I looked for answers a lot but mostly used the Bell number, which we haven't studied. And I have no idea how to do it with negatively transitive relations..
(Edit) Negatively transitive relation, according to our lecturer:
R is negatively transitive if and only if:
∀x,y,z∈S:¬(xRy)∧¬(yRz)⟹¬(xRz)
By De Morgan's Laws, this can be given the alternative form:
∀x,y,z∈S:(xRz)⟹(xRy)∨(yRz)
(Also a note that we don't study this in English, so there might be some mistakes in the explanation, I'm sorry for this)
I tried to count all possible relations for 9 elements first, which was 2^18, and then tried to find the partitions of a set (the equivalence relations on the set). For 9 elements was hard, but for 3 elements it was:
First possible partition: {{a},{b},{c}}:3 classes, each class with 1 element.

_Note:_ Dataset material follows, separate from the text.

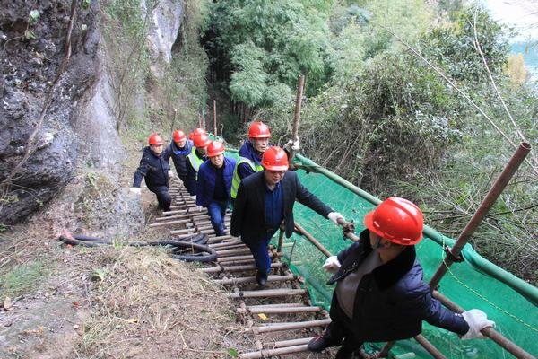 代勇一行在第一分公司經(jīng)理范雪山、第四分公司經(jīng)理羅茂林等陪同下,攀爬崎嶇陡峭的鋼管架設人行棧道,分別到達距離地面高73m的2#勘探平硐、距離河床高30m的1#勘探平硐以及5#勘探平硐,詳細了解工程現(xiàn)場的施工進展情況和施工難度。代勇首先代表公司黨委對春節(jié)期間仍堅守施工的第一、四分公司全體干部職工表示感謝和慰問,同時指出此行也是春節(jié)前對工地現(xiàn)場進行的安全大檢查,并對存在的安全隱患提出了整改要求。
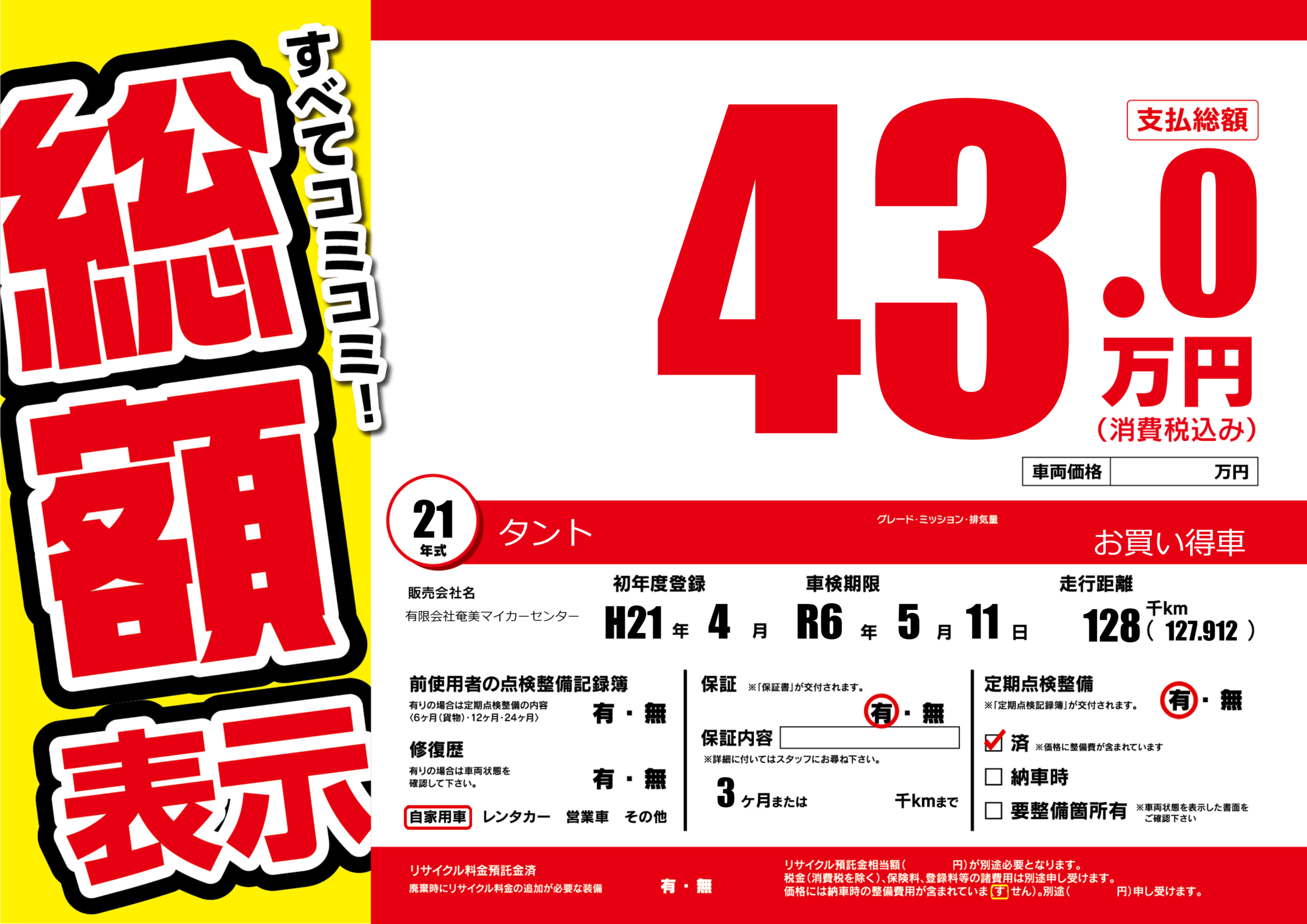| 定期点検整備 | 定期点検整備あり 定期点検整備済み | ||

2 nd possible partition: {{a,b},{c}}2 classes, one with elements a,b and the other with c .
Similarly we see three other possible partitions: {{a},{b,c}},{{a,c},{b}} , and {{a,b,c}} .
(Source: How many different equivalent relations can you define on set of three elements?)
And the answer was 5 equivalent relations.
You counted the equivalence relations (which correspond to partitions) but you never took into account the "negatively transitive" property.
For example, consider the equivalence relation corresponding to the partition $\{\{a,b\},\{c\}\}$. This is not "negatively transitive": because we have $aRb$, so therefore by the definition of negatively transitive, we must have either $aRc$ or $cRb$, but we have neither.
In fact, if $R$ is an equivalence relation that is also "negatively transitive", then it must be the total relation (everything is related to everything)!
Why?
Well, let $a$ and $b$ be any elements of the set. Because $R$ is reflexive, we know that $aRa$ holds. Since $R$ is negatively transitive, we have $$aRa\implies aRb \vee bRa.$$ But because $R$ is symmetric, $bRa\implies aRb$ anyway. Therefore, we conclude that $aRb$ holds.
Since $a$ and $b$ were arbitrary elements, it follows that $R$ is the total relation.
That means that there is exactly one equivalence class.